Glass is new material in my artistic vocabulary and one with potent qualities. The amount and nature of the tension to which it is exposed determines how glass responds. It can withstand heat, take on a new form, crack, break, shatter,
completely flow away, change colour, become opaque or remain clear. It can be made flexible or rigid, sharp or soft-edged and it can be moulded over materials. Materials can be embedded into it and impressions left within it. Glass transcends the spaces between being solid and liquid, dangerous and benign, clear and opaque.
The quality of transparency in glass makes this a material uniquely able to contribute to the conversation about trauma, loss and grief through its ability to visually describe “the space between”: that impermeable space separating the individual from the “outside world”. Glass gives material form to feelings of being “in the world” yet separate from it, touched yet untouchable, present but not there. It is the space behind which every emotion, every response is held tightly in for fear of it spilling untidily over others.
The “space between” is a common feeling when in pain or experiencing grief; it is a physical and invisible space that cannot be transgressed. It provides a useful insight into the term “dissociation”, which describes the victim’s disconnect between mind and body in order to emotionally self-protect during a traumatic event. Although it may be a useful strategy for self-protection during the traumatic event, in its aftermath
emotional disconnection can be counterproductive.
The concept of “the space between” is one route through which I contemplate the enigma of the unavailable mother: the space between the child and the mother who does not see; the mother who fails to protect. The participants’ venomous attitudes towards the mother, rather than the abuser, were at first striking and unexpected. I was unprepared and perplexed to hear blame and vitriol being poured over the mother and not the man who was the perpetrator. The relationship between the mother and victim in a sexually abusive context is complex, the subject of considerable
investigation in the social sciences but beyond the scope of my thesis. Baker, Kendall- Tackett et al. and Featherstone, Finkelhor and Ricker, referred to earlier, do provide useful insights into some of the motivations that guide these vexed relationships. While I understand the theoretical work, as an artist I chose to investigate and respond to the women’s expressions of pain, loss and anger at the failures in this primal relationship. My artwork was an attempt to bring form to these feelings.
From within their deep hurt most participants could acknowledge some reasons, or at least offer some explanation, for their mothers’ failings; but few could forgive. The mother’s abandonment of the child to the other was not only a form of death to the child, it was viewed by some participants as death to their mother, and some admitted to going as far as conducting fake funerals for them.

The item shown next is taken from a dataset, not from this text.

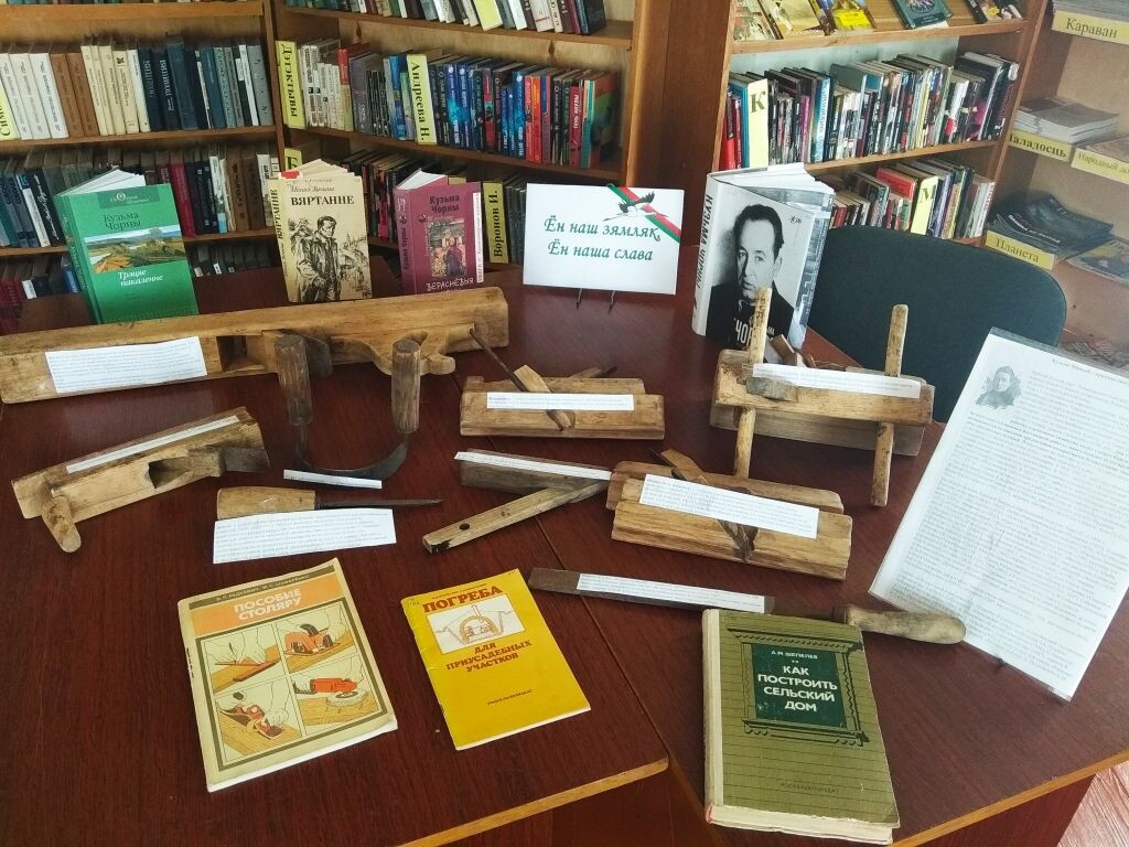 Сучасны чалавек малазнаёмы з такімі прыладамі працы, па-гэтаму кожны інструмент падпісаны і тлумачыцца яго прызначэнне. Таксама на выставе прадстаўлены творы “беларускага Дастаеўскага” і кнігі па будаўніцтву.

That these participants were unable to surrender their animosity towards the mother indicates how devastating the breach was, and how deep the resulting chasm between mother and daughter. As most of those flawed mothers are now dead, the possibility of any renewal or creation of a sound mother–daughter relationship has been fully extinguished and only bile and hurt remained.
The complexities that lie behind mothers’ responses and role in childhood sexual abuse is one area I would like to explore and understand further. However, here in my artwork, I simply responded to the participants’ pain of abandonment and the unavailability of their mothers. I puzzled over the collapse of certainty; how a child lives and survives in the realm of a mother who is incapable of providing the most basic care required. Embedded in my response is not the judgement, “How could you?” but the mystery, “Why couldn’t you?” What was missing? What had disabled that fundamental desire to care or to offer and enact care?
My ruminations upon the mother led to a range of artworks into which the mother’s immobilisation or unavailability is absorbed. They are a reflection on the mother’s stagnation of purpose, the petrification of appropriate mothering emotions and the loss of motherly guidance. Epi/dermis (Figure 20) references the mother in the ceramic dresses and in the glass, as it slumps over the dress and moulds to its shape, the barrier between the mother and the child, the impenetrable “space between”.
When glass melts over such a ceramic dress, especially one that has relatively high peaks and troughs, it can become too thin to cover it fully. Weak spots form. Small holes sometimes appear and fragments of the mother’s dress are exposed. These openings, faults to a glassworker, evoke uncertainty. Can these gaps in what was thought of as the mother’s impenetrability, imply it is opening or closing? Hopeful or hopeless?